Problem to work on:
Nothing but the pictures should be dropped; repeat the rest of the data below exactly.

Data extract:
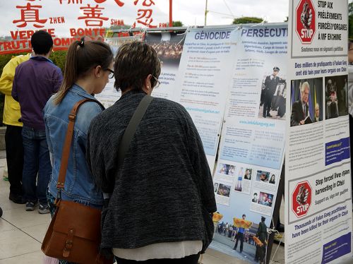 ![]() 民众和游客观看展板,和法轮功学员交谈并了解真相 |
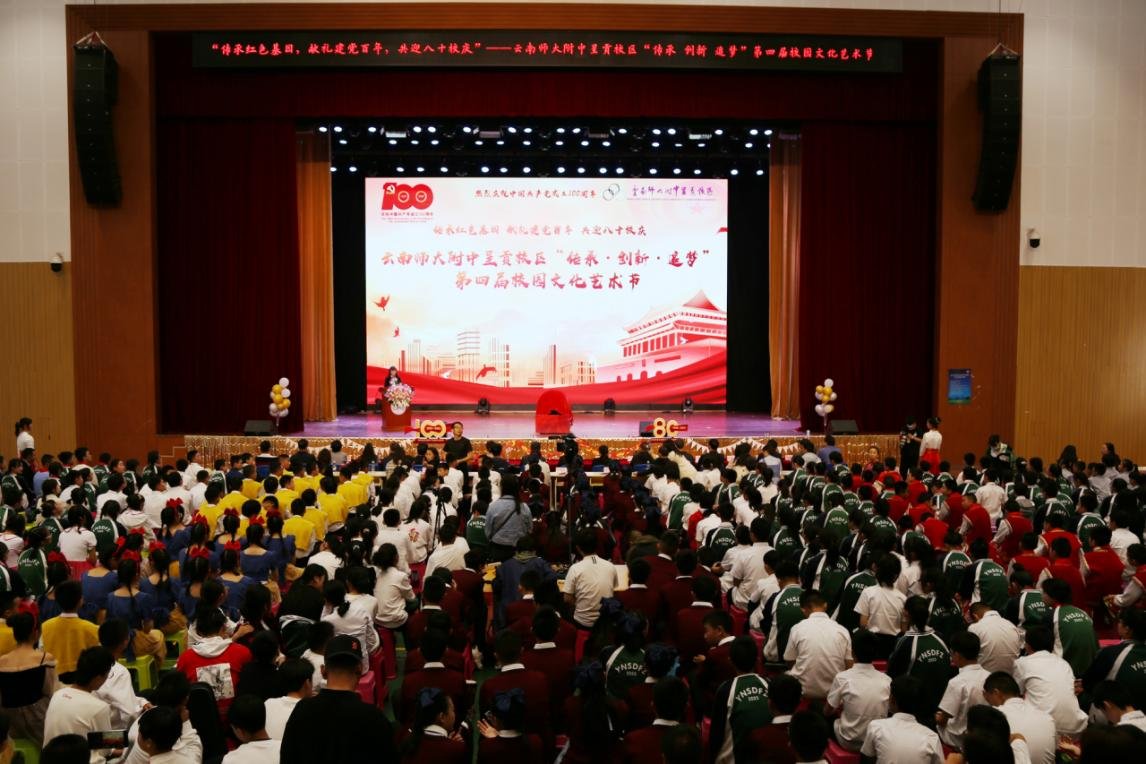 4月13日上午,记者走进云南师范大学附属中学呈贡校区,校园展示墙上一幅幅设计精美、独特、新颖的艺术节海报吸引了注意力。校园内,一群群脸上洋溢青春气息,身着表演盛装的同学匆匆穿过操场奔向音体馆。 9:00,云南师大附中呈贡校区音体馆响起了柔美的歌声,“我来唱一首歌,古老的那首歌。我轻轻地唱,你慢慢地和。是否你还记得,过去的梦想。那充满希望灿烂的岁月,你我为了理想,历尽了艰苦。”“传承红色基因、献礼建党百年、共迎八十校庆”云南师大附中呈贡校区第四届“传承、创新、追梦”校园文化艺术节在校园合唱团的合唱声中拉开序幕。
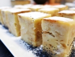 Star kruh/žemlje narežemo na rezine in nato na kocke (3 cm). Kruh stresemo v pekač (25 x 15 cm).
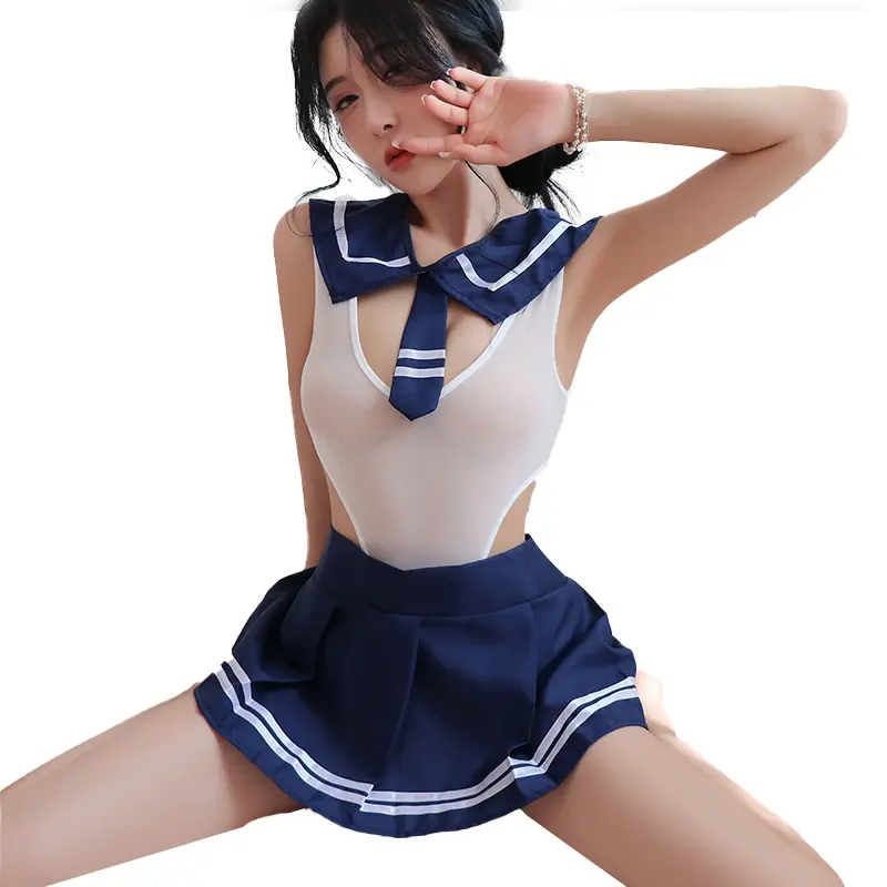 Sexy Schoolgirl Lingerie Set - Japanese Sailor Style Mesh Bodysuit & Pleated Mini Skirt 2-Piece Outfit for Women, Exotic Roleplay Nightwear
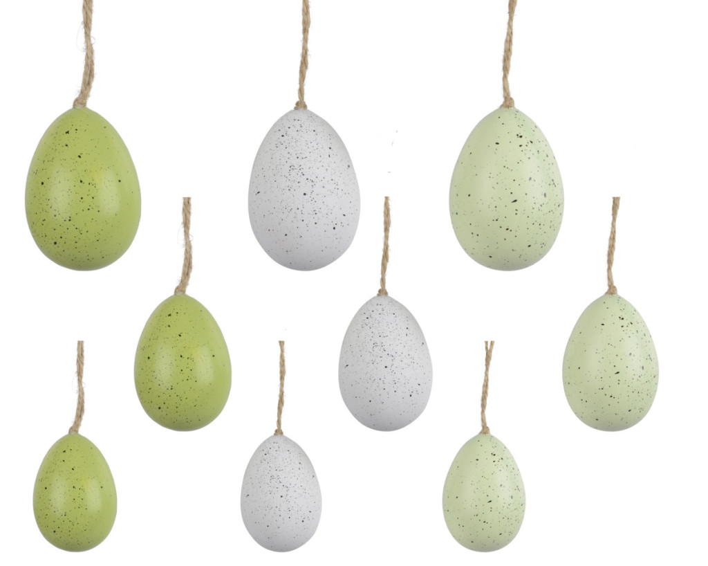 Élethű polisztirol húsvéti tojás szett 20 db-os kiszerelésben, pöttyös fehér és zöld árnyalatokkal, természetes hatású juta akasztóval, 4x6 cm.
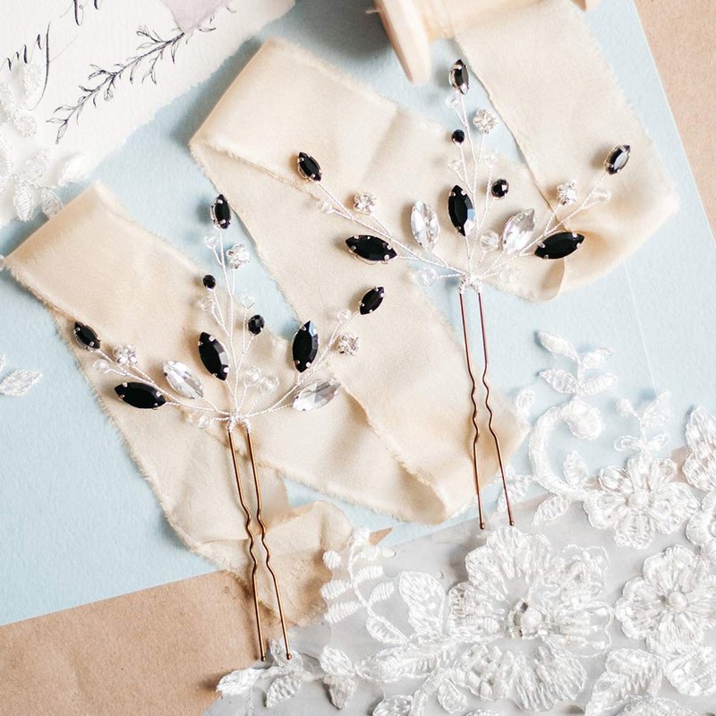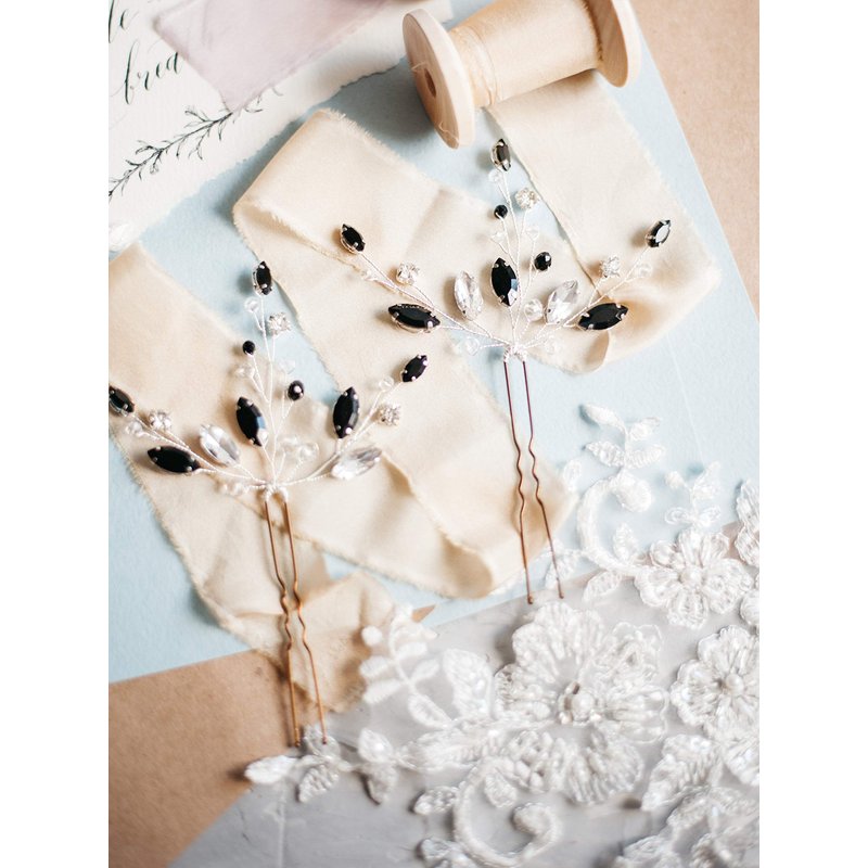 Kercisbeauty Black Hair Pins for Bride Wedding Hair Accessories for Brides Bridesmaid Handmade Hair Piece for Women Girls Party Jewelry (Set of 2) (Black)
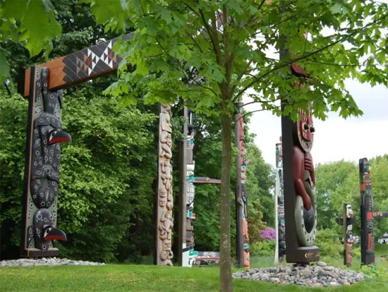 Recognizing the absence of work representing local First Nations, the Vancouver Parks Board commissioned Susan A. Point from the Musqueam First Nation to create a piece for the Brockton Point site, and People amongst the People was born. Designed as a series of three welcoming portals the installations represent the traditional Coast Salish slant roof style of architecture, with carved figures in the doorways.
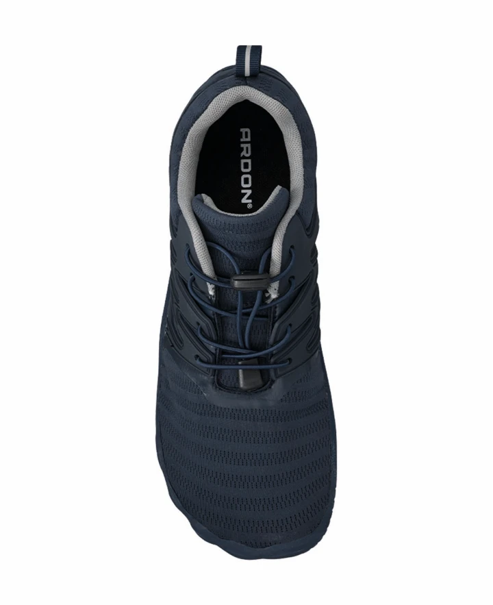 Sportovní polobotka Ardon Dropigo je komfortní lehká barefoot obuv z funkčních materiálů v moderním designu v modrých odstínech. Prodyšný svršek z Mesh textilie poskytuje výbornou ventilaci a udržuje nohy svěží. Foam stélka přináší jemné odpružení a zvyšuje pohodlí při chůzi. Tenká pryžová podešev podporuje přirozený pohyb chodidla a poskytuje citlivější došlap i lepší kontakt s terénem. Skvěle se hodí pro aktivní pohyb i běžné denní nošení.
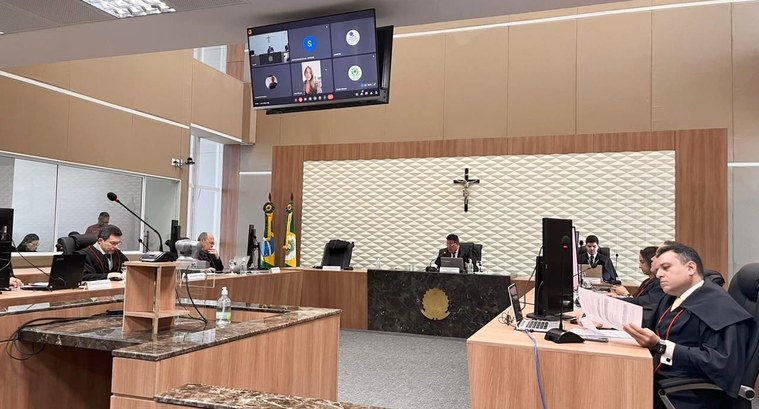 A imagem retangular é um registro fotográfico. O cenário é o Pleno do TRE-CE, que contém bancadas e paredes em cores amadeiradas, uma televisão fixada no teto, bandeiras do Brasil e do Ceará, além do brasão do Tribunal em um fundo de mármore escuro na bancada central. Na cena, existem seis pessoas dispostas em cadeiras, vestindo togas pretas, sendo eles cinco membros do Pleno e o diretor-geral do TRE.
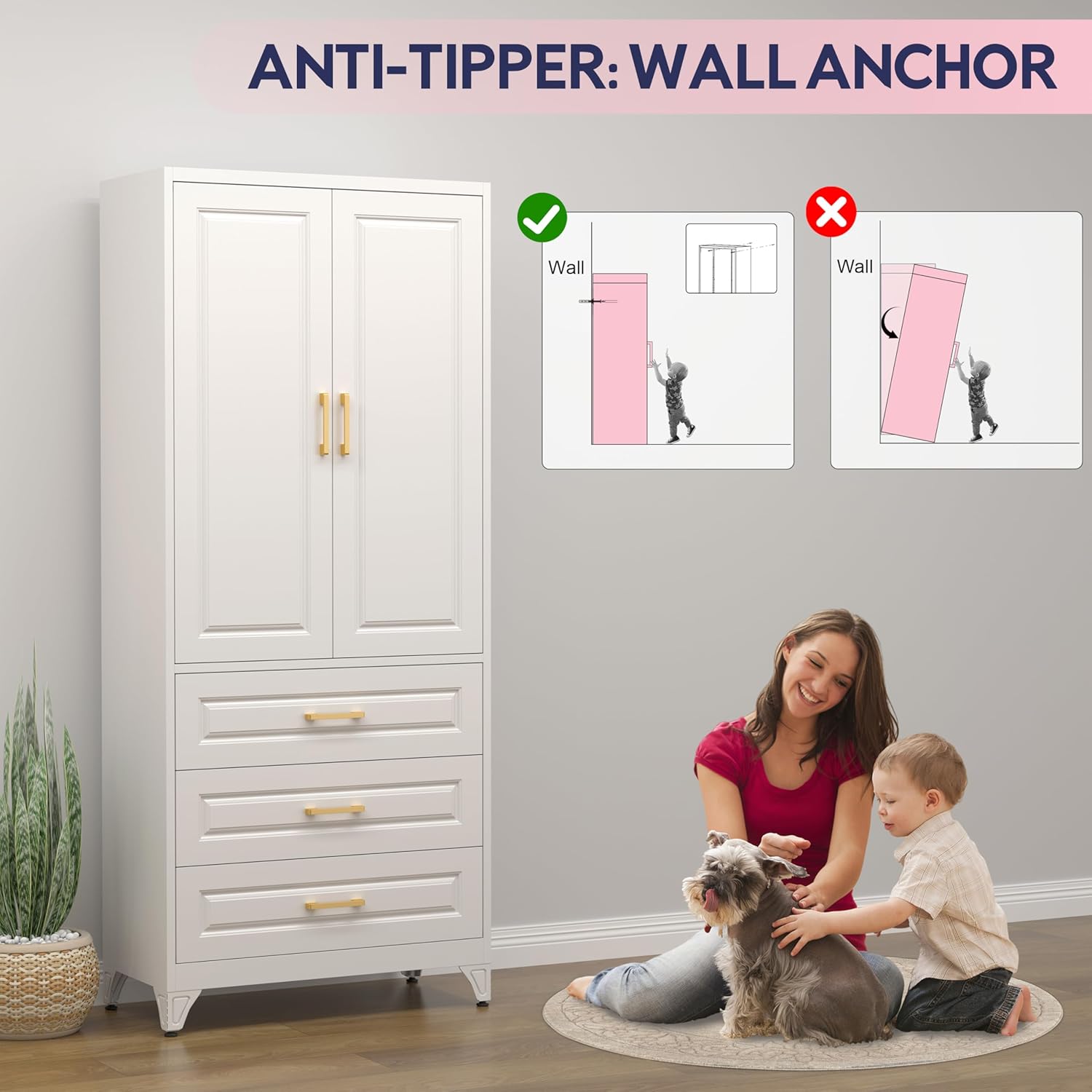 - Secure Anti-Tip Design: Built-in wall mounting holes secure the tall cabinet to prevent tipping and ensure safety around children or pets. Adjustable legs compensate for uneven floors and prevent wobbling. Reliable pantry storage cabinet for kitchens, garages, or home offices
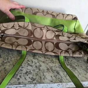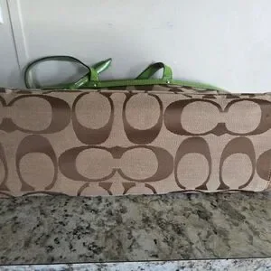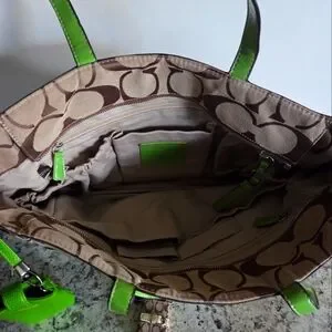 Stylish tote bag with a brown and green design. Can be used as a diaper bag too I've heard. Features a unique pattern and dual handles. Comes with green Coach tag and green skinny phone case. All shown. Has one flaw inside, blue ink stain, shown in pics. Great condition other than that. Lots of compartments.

Answer section:
 ![]() 民众和游客观看展板,和法轮功学员交谈并了解真相 |
 4月13日上午,记者走进云南师范大学附属中学呈贡校区,校园展示墙上一幅幅设计精美、独特、新颖的艺术节海报吸引了注意力。校园内,一群群脸上洋溢青春气息,身着表演盛装的同学匆匆穿过操场奔向音体馆。 9:00,云南师大附中呈贡校区音体馆响起了柔美的歌声,“我来唱一首歌,古老的那首歌。我轻轻地唱,你慢慢地和。是否你还记得,过去的梦想。那充满希望灿烂的岁月,你我为了理想,历尽了艰苦。”“传承红色基因、献礼建党百年、共迎八十校庆”云南师大附中呈贡校区第四届“传承、创新、追梦”校园文化艺术节在校园合唱团的合唱声中拉开序幕。
 Star kruh/žemlje narežemo na rezine in nato na kocke (3 cm). Kruh stresemo v pekač (25 x 15 cm).
 Sexy Schoolgirl Lingerie Set - Japanese Sailor Style Mesh Bodysuit & Pleated Mini Skirt 2-Piece Outfit for Women, Exotic Roleplay Nightwear
 Élethű polisztirol húsvéti tojás szett 20 db-os kiszerelésben, pöttyös fehér és zöld árnyalatokkal, természetes hatású juta akasztóval, 4x6 cm.
 Kercisbeauty Black Hair Pins for Bride Wedding Hair Accessories for Brides Bridesmaid Handmade Hair Piece for Women Girls Party Jewelry (Set of 2) (Black)
 Recognizing the absence of work representing local First Nations, the Vancouver Parks Board commissioned Susan A. Point from the Musqueam First Nation to create a piece for the Brockton Point site, and People amongst the People was born. Designed as a series of three welcoming portals the installations represent the traditional Coast Salish slant roof style of architecture, with carved figures in the doorways.
 Sportovní polobotka Ardon Dropigo je komfortní lehká barefoot obuv z funkčních materiálů v moderním designu v modrých odstínech. Prodyšný svršek z Mesh textilie poskytuje výbornou ventilaci a udržuje nohy svěží. Foam stélka přináší jemné odpružení a zvyšuje pohodlí při chůzi. Tenká pryžová podešev podporuje přirozený pohyb chodidla a poskytuje citlivější došlap i lepší kontakt s terénem. Skvěle se hodí pro aktivní pohyb i běžné denní nošení.
 A imagem retangular é um registro fotográfico. O cenário é o Pleno do TRE-CE, que contém bancadas e paredes em cores amadeiradas, uma televisão fixada no teto, bandeiras do Brasil e do Ceará, além do brasão do Tribunal em um fundo de mármore escuro na bancada central. Na cena, existem seis pessoas dispostas em cadeiras, vestindo togas pretas, sendo eles cinco membros do Pleno e o diretor-geral do TRE.
 - Secure Anti-Tip Design: Built-in wall mounting holes secure the tall cabinet to prevent tipping and ensure safety around children or pets. Adjustable legs compensate for uneven floors and prevent wobbling. Reliable pantry storage cabinet for kitchens, garages, or home offices
 Stylish tote bag with a brown and green design. Can be used as a diaper bag too I've heard. Features a unique pattern and dual handles. Comes with green Coach tag and green skinny phone case. All shown. Has one flaw inside, blue ink stain, shown in pics. Great condition other than that. Lots of compartments.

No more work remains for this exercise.